*The problem:* For the listing below, the answer is an exact retyping of the lines from the one with "Prendre à droite" through the one with "12pcs Linkboy Archery", both included, without pictures.

*Source records:*

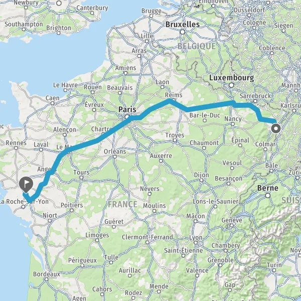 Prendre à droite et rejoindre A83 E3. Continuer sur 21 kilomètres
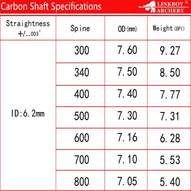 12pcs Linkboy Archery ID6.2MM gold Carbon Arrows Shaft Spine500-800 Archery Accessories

* * *

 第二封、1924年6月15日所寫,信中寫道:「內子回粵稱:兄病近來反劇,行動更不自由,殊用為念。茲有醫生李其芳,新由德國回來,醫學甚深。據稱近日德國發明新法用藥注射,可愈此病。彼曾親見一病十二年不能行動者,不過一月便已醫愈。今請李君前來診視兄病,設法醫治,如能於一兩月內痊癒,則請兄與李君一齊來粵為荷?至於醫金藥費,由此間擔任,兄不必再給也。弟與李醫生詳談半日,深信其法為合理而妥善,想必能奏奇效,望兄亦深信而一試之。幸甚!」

---

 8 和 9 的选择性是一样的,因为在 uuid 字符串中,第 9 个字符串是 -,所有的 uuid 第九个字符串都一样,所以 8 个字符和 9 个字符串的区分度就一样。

*Exercise output:*
 Prendre à droite et rejoindre A83 E3. Continuer sur 21 kilomètres
 12pcs Linkboy Archery ID6.2MM gold Carbon Arrows Shaft Spine500-800 Archery Accessories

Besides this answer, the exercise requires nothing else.